Law enforcement officers are not equipped to be experts in responding to mental health crises, often leading to tragic results—nationally, about half of police killings involve someone living with mental illness or disability. As a result, public health experts have long advocated for dispatching medical professionals and/or social workers, not armed police, to respond to calls related to substance use and mental health. Polling from Data for Progress indicates that more than two-thirds of voters—68 percent—support the creation of such programs, versions of which are already in place in other cities such as, Eugene, Oregon; Austin, Texas; and Denver, Colorado. 
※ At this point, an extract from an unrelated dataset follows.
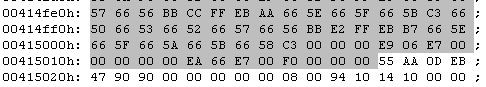 首先就是用一款二進(jìn)制編輯器把BIOS的ROM導(dǎo)出來。我們用的最多的就是UltraEdit了。關(guān)鍵之處!我們在VMware的安裝文件夾下面的Bin文件夾(X:\Program Files\VMware\VMware Workstation\bin)下vmware-vmx.exe文件里面,查找字段EA 66 E7 00 F0 00 00 00,這個在文件里就只有一處。然后從這個00(包括00)往上選定512K就是524288個字節(jié),這些信息在UltraEdit的狀態(tài)欄里都能看到。利用UltraEdit的保存選區(qū)為功能保存到一個后綴為ROM的文件。??!注意:剛才選中的不要釋放掉,一是再拖動一次太浪費時間,二是在后面容易出錯。

Well, all those residents of deeply liberal cities are about to get precisely what they want:

“Our commitment is to do what is necessary to keep every single member of our community safe and to tell the truth that the Minneapolis Police are not doing that,” Bender said Sunday. “Our commitment is to end our city’s toxic relationship with the Minneapolis Police Department, to end policing as we know it, and to recreate systems of public safety that actually keep us safe.”

We look forward to finding out just what these "systems" are, and while we know that wealthy residents will have little trouble in obtaining their own private security squads and militia – in fact, we are certain that Minneapolis Fed president Neel Kashkari will be among the first to take advantage of security alternatives even as the Fed’s actions continue to tea apart the nation leading to even greater wealth and income inequality that has culminated in the current social collapse, we wonder just who will protect the less affluent segments of society. For the answer we will keep a close eye on downtown Minneapolis, now police free, for a glimpse into the future of America’s inner cities.

Meanwhile watch as gun sales in Minneapolis – both legal and illegal – and in every other city across the country, explode.